*** EXERCISE INPUTS
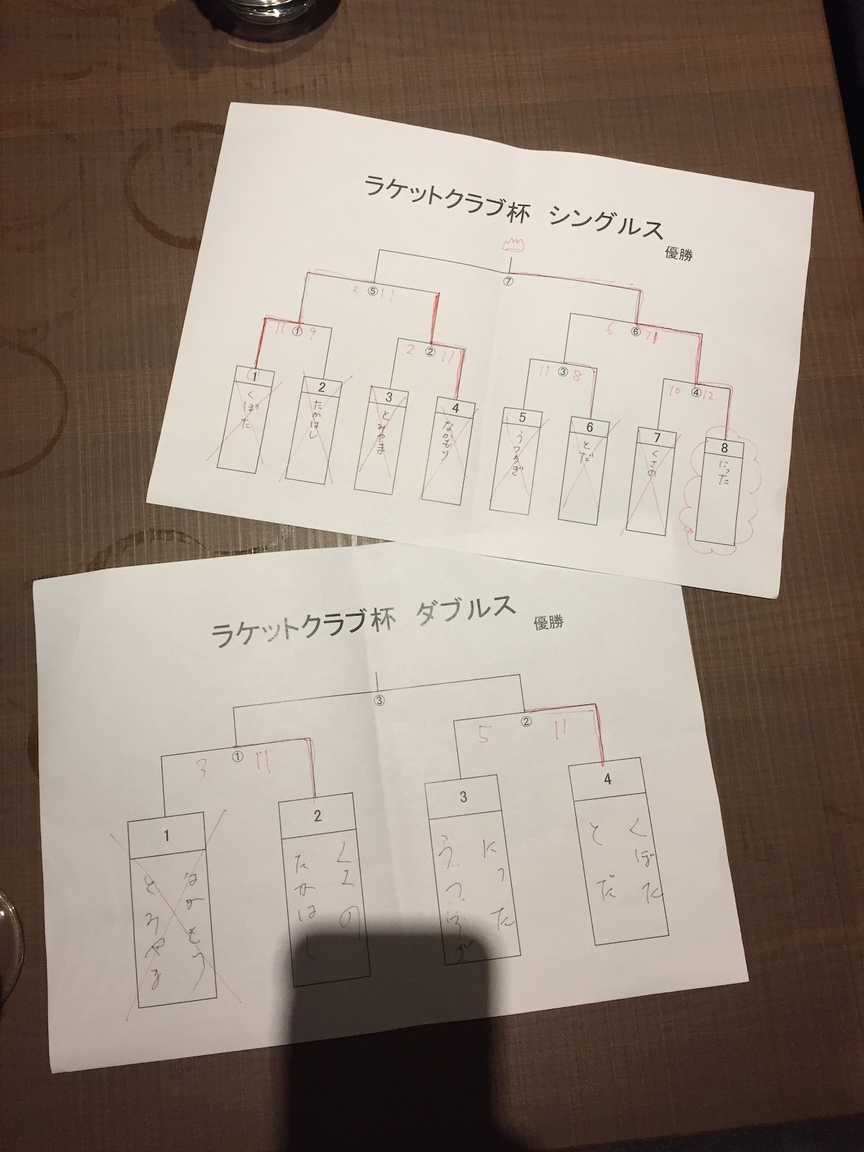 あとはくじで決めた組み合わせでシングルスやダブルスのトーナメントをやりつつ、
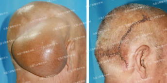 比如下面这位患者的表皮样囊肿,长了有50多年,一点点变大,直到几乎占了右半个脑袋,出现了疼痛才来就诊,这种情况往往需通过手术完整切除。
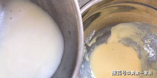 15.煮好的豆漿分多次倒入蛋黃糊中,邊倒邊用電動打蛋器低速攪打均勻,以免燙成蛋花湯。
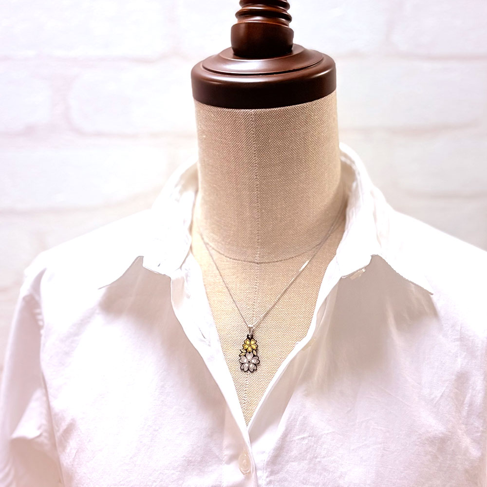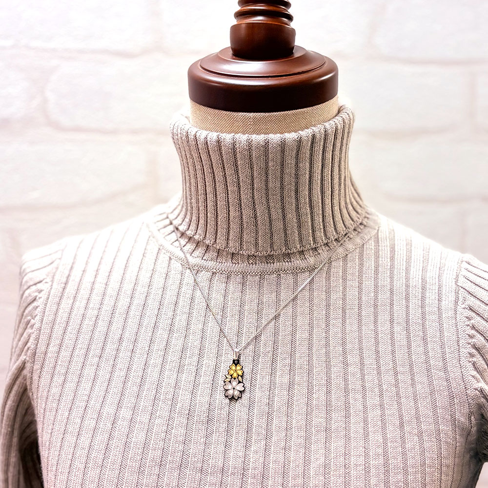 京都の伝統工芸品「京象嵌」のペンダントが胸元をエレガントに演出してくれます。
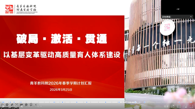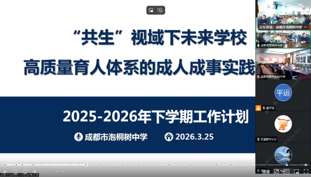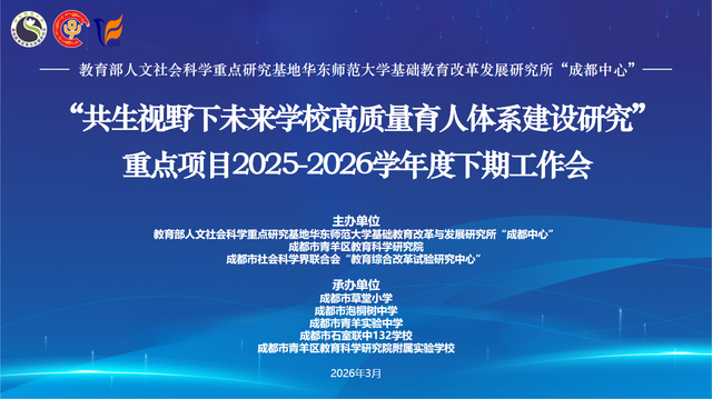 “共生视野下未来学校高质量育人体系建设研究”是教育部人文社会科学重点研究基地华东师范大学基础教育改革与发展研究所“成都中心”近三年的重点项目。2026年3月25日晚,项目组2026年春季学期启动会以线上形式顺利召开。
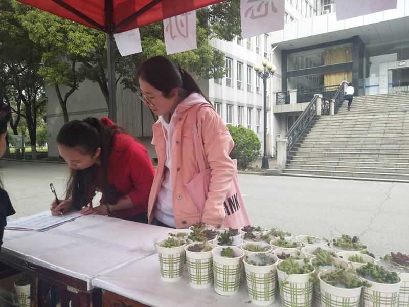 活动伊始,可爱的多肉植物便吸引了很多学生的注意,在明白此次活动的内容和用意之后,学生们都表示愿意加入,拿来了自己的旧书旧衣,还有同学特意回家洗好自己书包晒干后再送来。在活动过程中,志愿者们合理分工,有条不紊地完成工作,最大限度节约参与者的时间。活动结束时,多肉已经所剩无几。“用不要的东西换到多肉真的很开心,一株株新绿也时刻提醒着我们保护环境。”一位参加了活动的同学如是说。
******
*** EXERCISE INPUTS
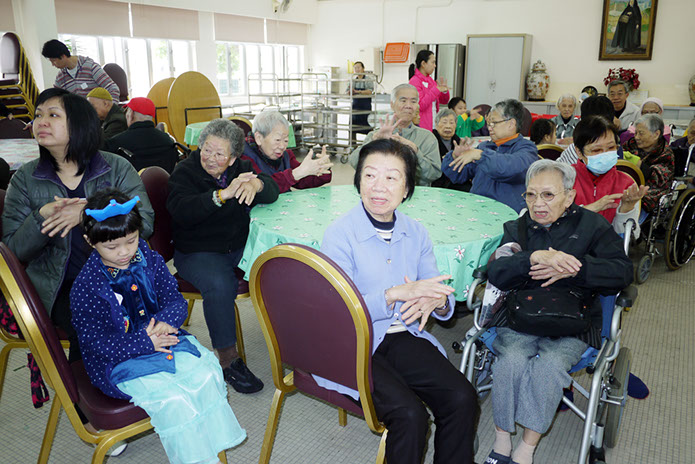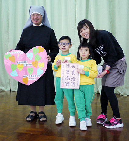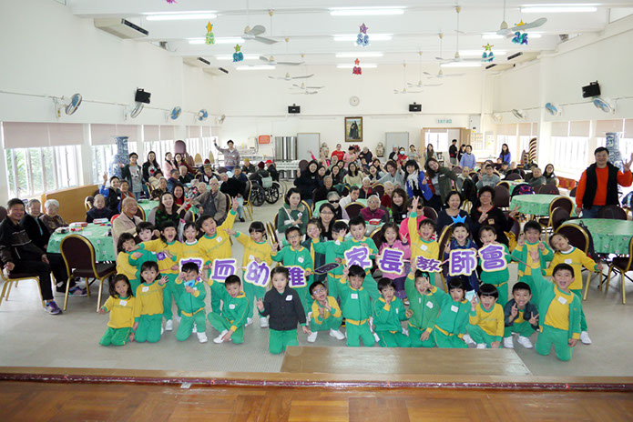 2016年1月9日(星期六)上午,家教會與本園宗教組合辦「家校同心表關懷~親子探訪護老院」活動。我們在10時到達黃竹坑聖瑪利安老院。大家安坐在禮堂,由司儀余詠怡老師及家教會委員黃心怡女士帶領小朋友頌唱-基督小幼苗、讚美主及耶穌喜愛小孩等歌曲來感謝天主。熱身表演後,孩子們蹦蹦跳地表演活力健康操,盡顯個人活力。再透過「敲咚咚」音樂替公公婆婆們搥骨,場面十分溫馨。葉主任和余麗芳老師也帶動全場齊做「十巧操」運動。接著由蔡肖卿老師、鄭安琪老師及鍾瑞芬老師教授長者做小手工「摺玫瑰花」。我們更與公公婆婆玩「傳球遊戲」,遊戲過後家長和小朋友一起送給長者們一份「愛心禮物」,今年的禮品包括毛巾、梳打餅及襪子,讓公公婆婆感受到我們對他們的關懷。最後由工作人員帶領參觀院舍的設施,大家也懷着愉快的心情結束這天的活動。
******
(YOUR GOAL):
Within the listing above, write out the stretch from the line with "比如下面这位患者的表皮样囊肿" through the line with "活动伊始,可爱的多肉植物便吸" exactly. Any pictures are to be left out.

(RESPONSE TO THIS TASK):
 比如下面这位患者的表皮样囊肿,长了有50多年,一点点变大,直到几乎占了右半个脑袋,出现了疼痛才来就诊,这种情况往往需通过手术完整切除。
 15.煮好的豆漿分多次倒入蛋黃糊中,邊倒邊用電動打蛋器低速攪打均勻,以免燙成蛋花湯。
 京都の伝統工芸品「京象嵌」のペンダントが胸元をエレガントに演出してくれます。
 “共生视野下未来学校高质量育人体系建设研究”是教育部人文社会科学重点研究基地华东师范大学基础教育改革与发展研究所“成都中心”近三年的重点项目。2026年3月25日晚,项目组2026年春季学期启动会以线上形式顺利召开。
 活动伊始,可爱的多肉植物便吸引了很多学生的注意,在明白此次活动的内容和用意之后,学生们都表示愿意加入,拿来了自己的旧书旧衣,还有同学特意回家洗好自己书包晒干后再送来。在活动过程中,志愿者们合理分工,有条不紊地完成工作,最大限度节约参与者的时间。活动结束时,多肉已经所剩无几。“用不要的东西换到多肉真的很开心,一株株新绿也时刻提醒着我们保护环境。”一位参加了活动的同学如是说。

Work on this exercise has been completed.